I have to mention that this build is very difficult to execute. This is not the type of build you read about, try, and immediately win all your games with. It took me several days to get the basics down, and even now I feel that it could be executed better by players better than I. The mechanics and game sense requirement to execute this is high - lower-level players will find it a good test of their mechanics, and players better than I can probably make it stronger than I can. However, if you have the patience and mechanics to learn it, I guarantee that it will give you a rich payoff. The road to shunning tanks is not an easy one, but it is a rewarding one.

Overview
This build utilizes two fast factories and then two fast starports. Infernal pre-igniter is researched as soon as possible. Fast 2 factories gives you a powerful early aggression-stopper (vs marines and hellions), and gives you map control.

A fast medivac is created to give a counter-attack and economic damage threat. This is a hard-counter to rushed cloaked banshees + bunker at front.
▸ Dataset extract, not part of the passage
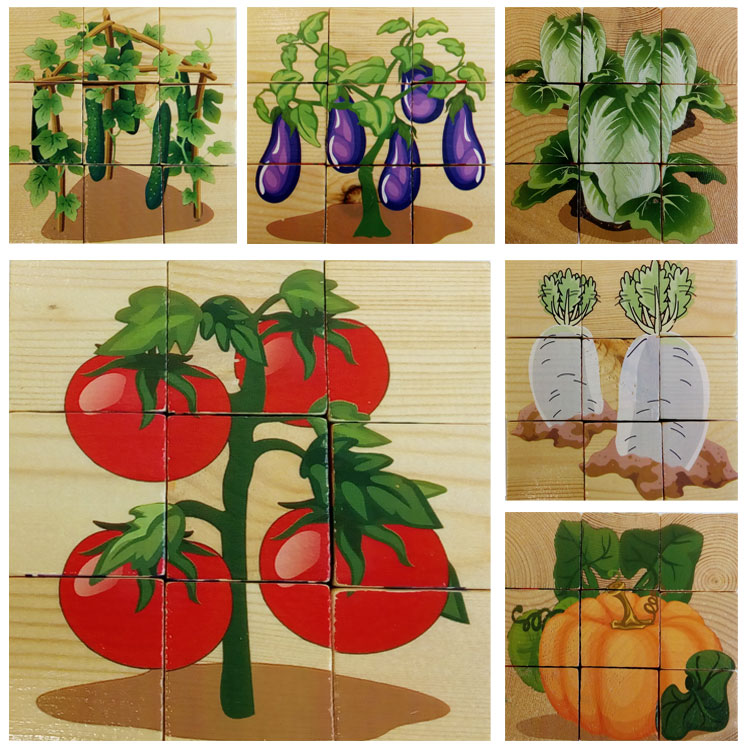 В набор входит 9 деревянных кубиков, с помощью которых без особых усилий можно сложить 6 овощей: помидоры, баклажаны, тыква, огурцы, редька, капуста.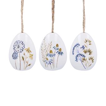 Gisela Graham Set of 3 Blue Meadow Ceramic Easter Egg Decorations

The 2 starports give you tremendous flexibility in countering terran openings. Banshees can be countered by simultaneously creating a raven and a viking, while dropping hellions. Reactored starport openings can be countered by actually creating 3 vikings at once instead of two. Marine/tank openings can be countered by creating vikings and banshees simultaneously.


Analogy to ZvT

The composition basically works the same as muta/ling/bling, and has a similar playstyle.

- Blue flame hellions act as the banelings (they kill marines, and are disposable)
- Banshees act as the muta air-to-ground attack (cleaning up ground units after banelings hit)
- Vikings act as the muta air-to-air attack (holding air superiority).
- Should it get to that point, battlecruisers can act as broodlords, countering thors (although BCs are much easier to get and are also quite good vs marines)

This build works for the same reasons muta/ling/bling does, and as a result, it has the same properties as typical ZvT. This means that:

- This build is more powerful on longer rush distances due to the mobility advantage
- Keeping map awareness and map control is very important
- Losing air control is bad (similar to how losing all your mutas results in you being vulnerable to drops and banshees)

TL;DR: Play like a zerg player. Keep that mentality in mind.


Build Order

NOTE: this build order is very weird. You must watch the replays in order to understand how it functions correctly.

10 supply
12 rax
13 ref
15 OC
15 make one marine, then queue another (only make 2 marines)
16 supply
17 ref
(supply counts discontinued from here - keep making scvs nonstop)
factory
factory
tech lab on rax
swap first factory onto rax
make 1 hellion & get preigniter
make 1 hellion on second factory
>> clear xelnagas with hellion
starport
starport
supply drop (see faq)
medivac
>> poke up ramp with a hellion, try to scout composition
>> build order discontinued here, starport production is dependent on opponent's composition


Why it Works

1) Map control

This build gains early map control over all terran compositions I am aware of. This allows you easy counter attacks (because you see when they leave their base), advance warning, and easy dropship counters. Your viking superiority + hellion mobility renders all enemy drops actually beneficial for you, because everything in the dropship will simply die and the dropship will get shot down, similar to how dropping vs a zerg player who has good map awareness generally ends with mutas killing your drop quickly.


2) Terran Symmetry

Terran units have a lot of symmetry.

Units that shoot air units
Marine (countered by hellions)
Thor (countered by battlecruiser)
Viking (countered by having more vikings, which is easy when you have 2ports)
Ghosts (are terrible)

Only four good terran units actually shoot up (discounting the battlecruiser, because BC is only viable after vikings). These units are all countered by either hellions or air units. Creating air units necessitates the use of one of these three units, and each of these three units must be built in a mass such that they do not die before killing off all air units.

From there, notice:

Air attacks by units that attack air units
Marine (very fast attack speed, low damage)
Thor (fires multiple low-damage rockets)
Viking (fires multiple low-medium-damage rockets)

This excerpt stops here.